The Federal Reserve should be wary about over-committing to an ultra-easy monetary policy that has served the economy well in recent years but could be detrimental eventually, a top Fed official said on Friday.

Some of the further actions that could be undertaken at this juncture would have effects far into the future, in an environment of continual improvement and repair for the U.S. economy, St. Louis Fed President James Bullard said in remarks prepared for delivery at the Credit Suisse Asian Investment Conference in Hong Kong.

Overcommitting to the ultra-easy policy could well have detrimental consequences for the U.S. and, by extension, the global economy.

Bullard said rates may need to rise in late 2013, rather than in the following year as the Fed's policy-setting committee has said. He is not a voting member of the committee this year, but he takes part in the central bank's rate-setting meetings.

The Fed has kept rates near zero since December 2008, and has bought $2.3 trillion in bonds to stimulate growth.
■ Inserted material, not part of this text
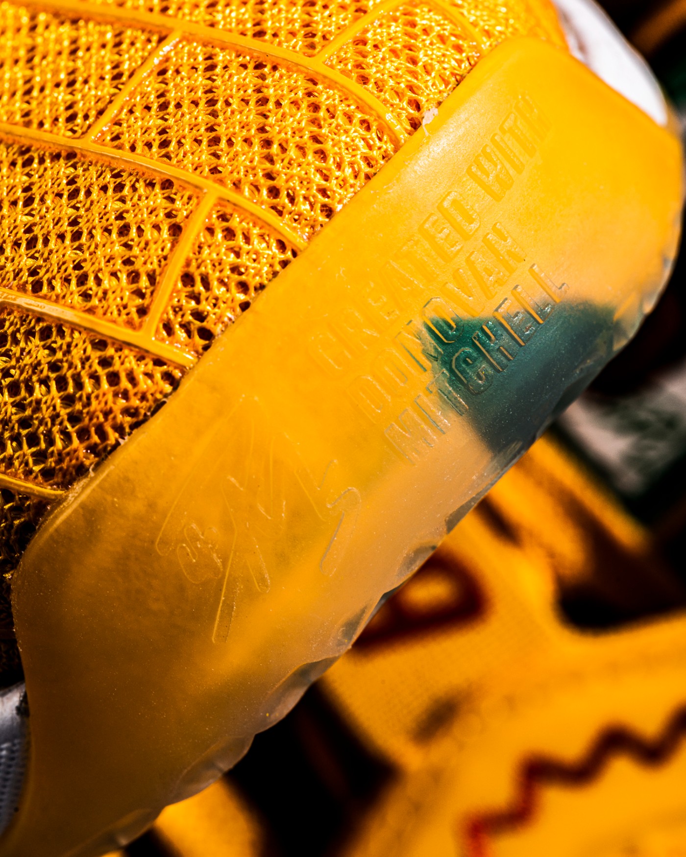 外底使用透明水晶大底,透过水晶底能看到纯黄色的背景上写满 “DM” 米切尔个人名字缩写的图案。

At its March meeting, the Fed reiterated its view that lackluster growth will require keeping rates near zero through late 2014.

The Fed's current pause in policy is a good time to take stock of whether it is at a turning point, Bullard said.

Rising oil prices have heightened concerns about both inflation and growth, but Bullard said it would probably take gasoline prices of more than $5 per gallon to cause a significant U.S. economic shock. Consumers already went through a severe oil price spike in 2008, and a re-run of that would probably have more limited impact on buying behavior, he said.

So what I think is, we have to have gas prices at the pump go up to $5 a gallon before we can get the kind of energy shock (that causes a change in) behavior in the U.S., Bullard said. There are a lot of cross-currents in the gas situation, so we'll see what happens.

The average U.S. retail price was $3.84 per gallon in the week to March 16, according to MasterCard's weekly Spending Pulse report.

BRIDGING THE GAP

Bullard, seen as a policy centrist, expects the U.S. economy to grow at about 3 percent this year, hardly high growth but potentially fast enough to keep trimming unemployment, he said. U.S. unemployment stood at 8.3 percent in January.

Meanwhile, inflation in the U.S. has risen despite less-than-stellar economic growth, he said, suggesting that the Fed may not have as much leeway to ease without sparking unwanted price rises as many may think.

The hard-learned lesson of the 1970s was that if the inflation genie is let out of the bottle, it can be extremely difficult to get it back into the bottle, Bullard said.

Analysts who calculate the United States is operating well below its potential output -- and therefore that the economy has plenty of room to run before inflation kicks in -- may not be taking the bursting of the housing bubble into account, he said.

Filtering out the effects of the bubble, he said, suggests that the U.S. output gap today is much smaller than commonly believed.

AVAILABLE HEADROOM?

Advocates of policy easing point to forecasts within the Fed that inflation will fall below the central bank's 2 percent goal in coming years, giving headroom for pushing borrowing costs lower to boost jobs.

More stimulus is needed, say policy doves such as Chicago Fed Bank President Charles Evans, because the economy is not growing at a fast enough clip on its own to reduce uncomfortably high unemployment.

Not so, Bullard countered in Hong Kong on Friday.

The relationship between unemployment and GDP growth is clear during downturns, but muddled during expansions, he said.

This might suggest that the nation does not need rapid growth to see a reduction in unemployment — it only needs to see some positive growth, he said.

Fed Chairman Ben Bernanke and other policymakers have held the door open for the possibility of further Fed easing.

But analysts now see a third round of bond purchases, or quantitative easing, as less likely given recent improvement in the economic backdrop, especially in the job market. Bullard himself said he saw no need for further bond buying unless the economy and the inflation outlook deteriorate significantly.

Traders are betting the Fed will begin to raise rates by July 2013, more than a year earlier than it currently projects.